On September 10, 2018, Tencent AI Lab announced that it would open source the project “Tencent ML-images” at the end of September, which is composed of ML-images, a multi-label image data set, and ResNET-101, a deep residual network with the highest accuracy among similar deep learning models in the industry.
The open source of the project is a release of the basic capabilities accumulated by Tencent AI Lab in the field of computer vision. It provides sufficient high-quality training data and easy-to-use, high-performance deep learning models for researchers and engineers in the field of artificial intelligence, and promotes the common development of the artificial intelligence industry.
The image data set mL-images released by Tencent AI Lab this time contains 18 million Images and more than 11,000 common object categories. It is the largest public multi-label image data set in the industry and is enough to meet the use scenarios of general scientific research institutions and small and medium-sized enterprises. In addition, Tencent AI Lab will also provide resNET-101, a deep residual network trained based on ML-images. This model has excellent visual representation ability and generalization performance, and has the highest accuracy among similar models in the current industry. It will provide strong support for visual tasks including image and video, and help improve the technical level of image classification, object detection, object tracking, semantic segmentation and so on.
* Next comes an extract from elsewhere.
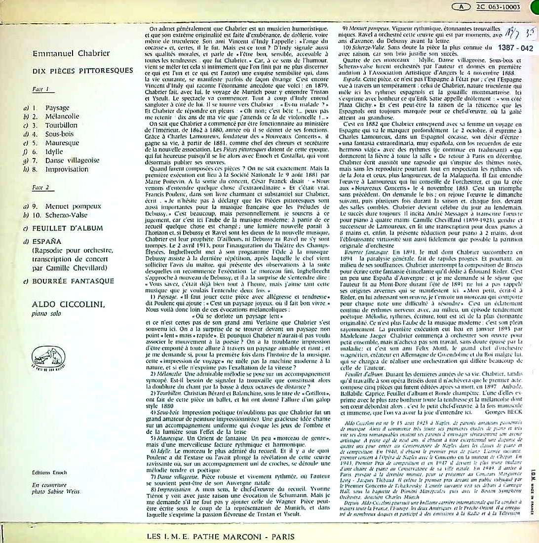 商品コード:1387-042[VSM] A.チッコリーニ(pf) / シャブリエ:Pf曲集/10の絵画風小品, アルバムの綴り, スペイン狂詩曲, 気まぐれなブーレ

Deep learning technology, typically represented by deep neural network, has fully demonstrated its excellent ability in many fields, especially in the field of computer vision, including important tasks such as image and video classification, understanding and generation. However, in order to give full play to the visual representation ability of deep learning, it is necessary to build on sufficient high-quality training data, excellent model structure and model training methods, as well as powerful computing resources and other basic abilities.
Tech companies are taking ai infrastructure very seriously, building large image datasets that are only for their own use, such as Google’s JFT-300M and Facebook’s Instagram. However, these data sets and the models trained have not been made public. For general scientific research institutions and small and medium-sized enterprises, these ai basic capabilities have a very high threshold.
The largest multi-label image dataset currently available in the industry is Google’s Open Images, which contains 9 million training Images and more than 6,000 object categories. Tencent AI Lab’s open source ML-images data set includes 18 million training Images and more than 11,000 common object categories, which may become a new benchmark data set for the industry. In addition to data sets, Tencent AI Lab team will also introduce in detail in this open source project:
1) Construction method of large-scale multi-label image data set, including image source, image candidate category set, category semantic relationship and image annotation. During the construction of ML-images, the team made full use of the semantic relationship between categories to help accurately label Images.
2) Training method of deep neural network based on ML-images. The team’s well-designed loss function and training method can effectively suppress the negative effects of class imbalance on model training in large-scale multi-label datasets.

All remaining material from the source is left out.